With the pictures left out, write out the records verbatim.

[Data entries]
-- -- --

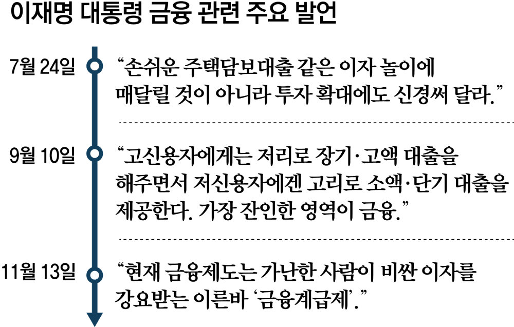 금융권에 대한 정부의 포용금융 압박도 커지고 있다. 이 대통령은 13일 수석보좌관회의에서 “현재 금융제도는 가난한 사람이 비싼 이자를 강요받는 이른바 ‘금융계급제’”라고 지적했다. 앞서 9월 “고신용자의 대출 금리를 높여 저신용자의 대출 금리를 낮춰야 한다”고 언급한 지 두 달 만에 금융 개혁 필요성을 또다시 언급한 것이다.
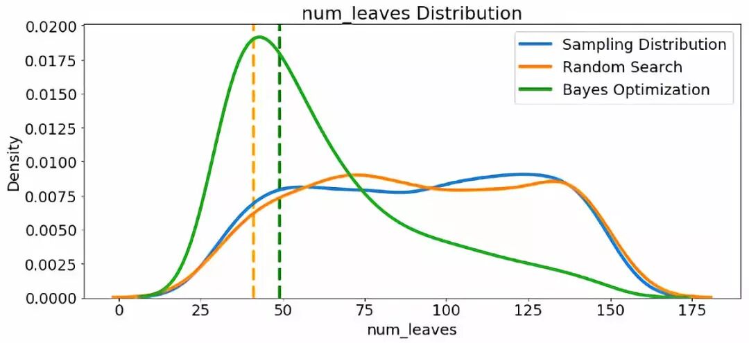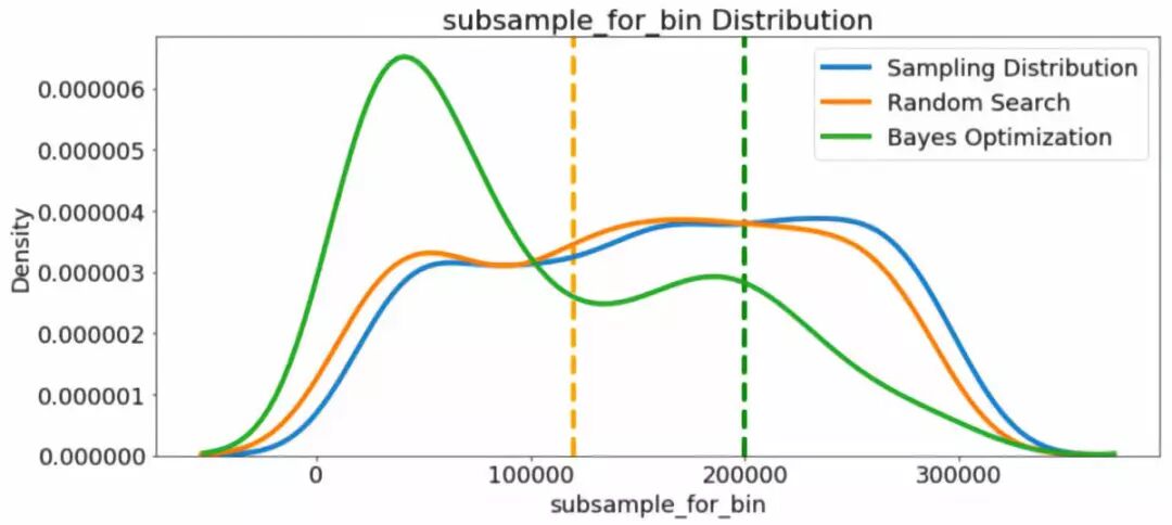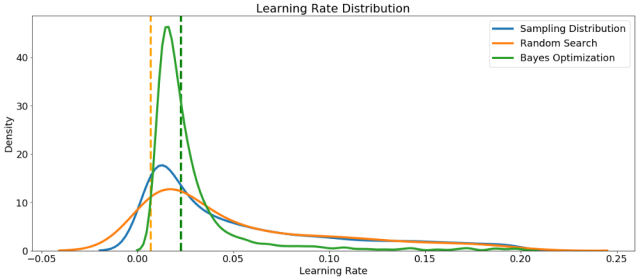 首先,我们可以制作随机搜索和贝叶斯优化中采样的learning_rate的核密度估计图。作为参考,我们还可以显示采样分布。垂直虚线表示学习率的最佳值(根据交叉验证)。
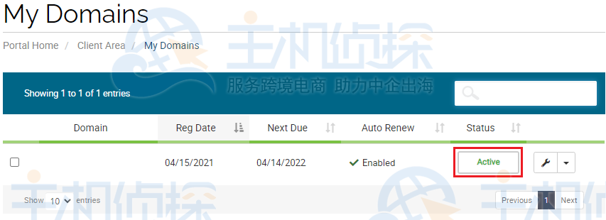 4、单击您正在修改的域右侧的绿色“活动”按钮/链接:
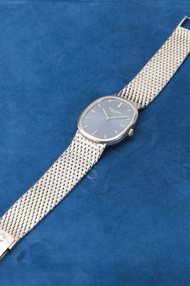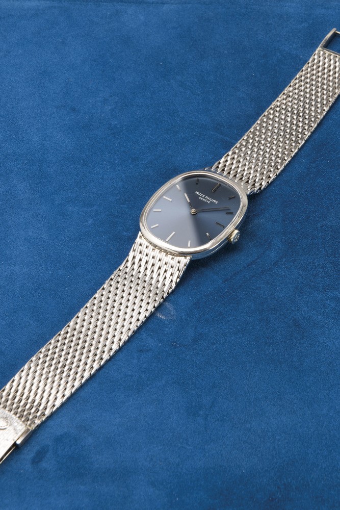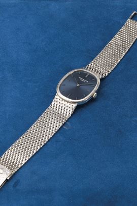 Elegante Ellipse in oro bianco 18k con bracciale integrato a maglia intrecciata, quadrante blu soleil Sigma, movimento automatico con punzone di Ginevra
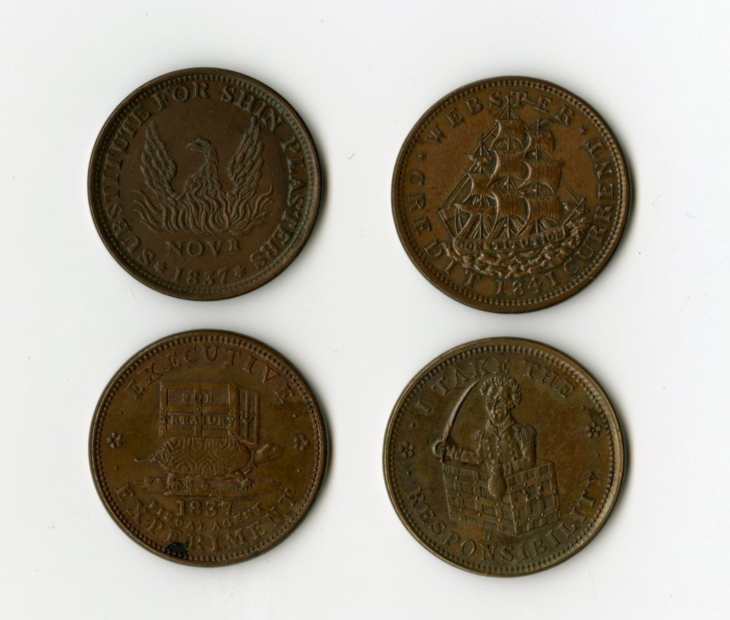 Hard Times Tokens. Assortment of Higher Grade Examples with Minor Impairments. HT-20. Low-62. Webster. AU details; HT-33. Low-19. Turtle. Uncirculated, stain; HT-66. Low-47. Pheonix. Uncirculated, slight bend; HT-70. Low-5. Jackson. AU details. [4]

-- -- --

### Final answer
 금융권에 대한 정부의 포용금융 압박도 커지고 있다. 이 대통령은 13일 수석보좌관회의에서 “현재 금융제도는 가난한 사람이 비싼 이자를 강요받는 이른바 ‘금융계급제’”라고 지적했다. 앞서 9월 “고신용자의 대출 금리를 높여 저신용자의 대출 금리를 낮춰야 한다”고 언급한 지 두 달 만에 금융 개혁 필요성을 또다시 언급한 것이다.
 首先,我们可以制作随机搜索和贝叶斯优化中采样的learning_rate的核密度估计图。作为参考,我们还可以显示采样分布。垂直虚线表示学习率的最佳值(根据交叉验证)。
 4、单击您正在修改的域右侧的绿色“活动”按钮/链接:
 Elegante Ellipse in oro bianco 18k con bracciale integrato a maglia intrecciata, quadrante blu soleil Sigma, movimento automatico con punzone di Ginevra
 Hard Times Tokens. Assortment of Higher Grade Examples with Minor Impairments. HT-20. Low-62. Webster. AU details; HT-33. Low-19. Turtle. Uncirculated, stain; HT-66. Low-47. Pheonix. Uncirculated, slight bend; HT-70. Low-5. Jackson. AU details. [4]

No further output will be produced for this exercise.